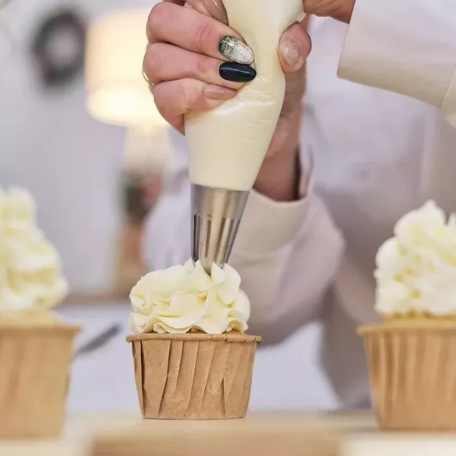 - Ajoutez le sucre glace sans cesser de fouetter, jusqu’à obtenir une crème montée bien lisse et ferme. Réservez au frais jusqu’à utilisation.
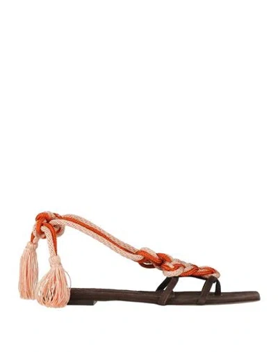 Woman Thong Sandal Orange Size 10 Leather
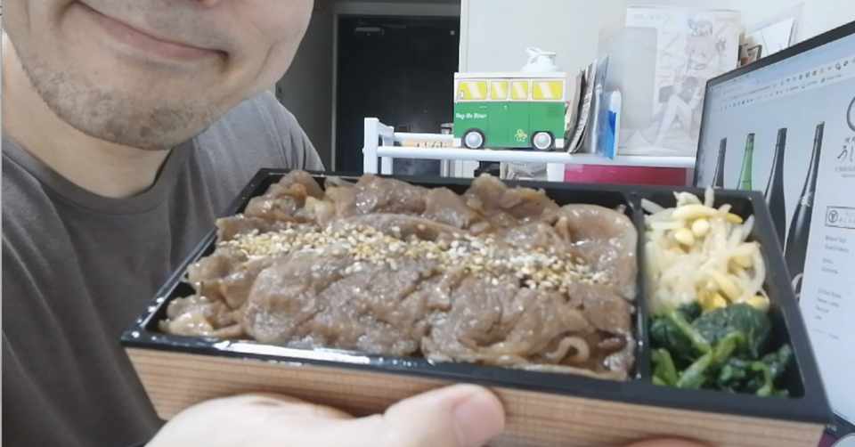 横顔 135 恵比寿の焼肉店うしごろ貫の特選a5黒毛和牛焼肉弁当をmenuのデリバリーで 食べる人の横顔 Note

**Goal of the exercise**
The data above must be copied exactly. Leave out the pictures.

**Task output**
 - Ajoutez le sucre glace sans cesser de fouetter, jusqu’à obtenir une crème montée bien lisse et ferme. Réservez au frais jusqu’à utilisation.
 Woman Thong Sandal Orange Size 10 Leather
 横顔 135 恵比寿の焼肉店うしごろ貫の特選a5黒毛和牛焼肉弁当をmenuのデリバリーで 食べる人の横顔 Note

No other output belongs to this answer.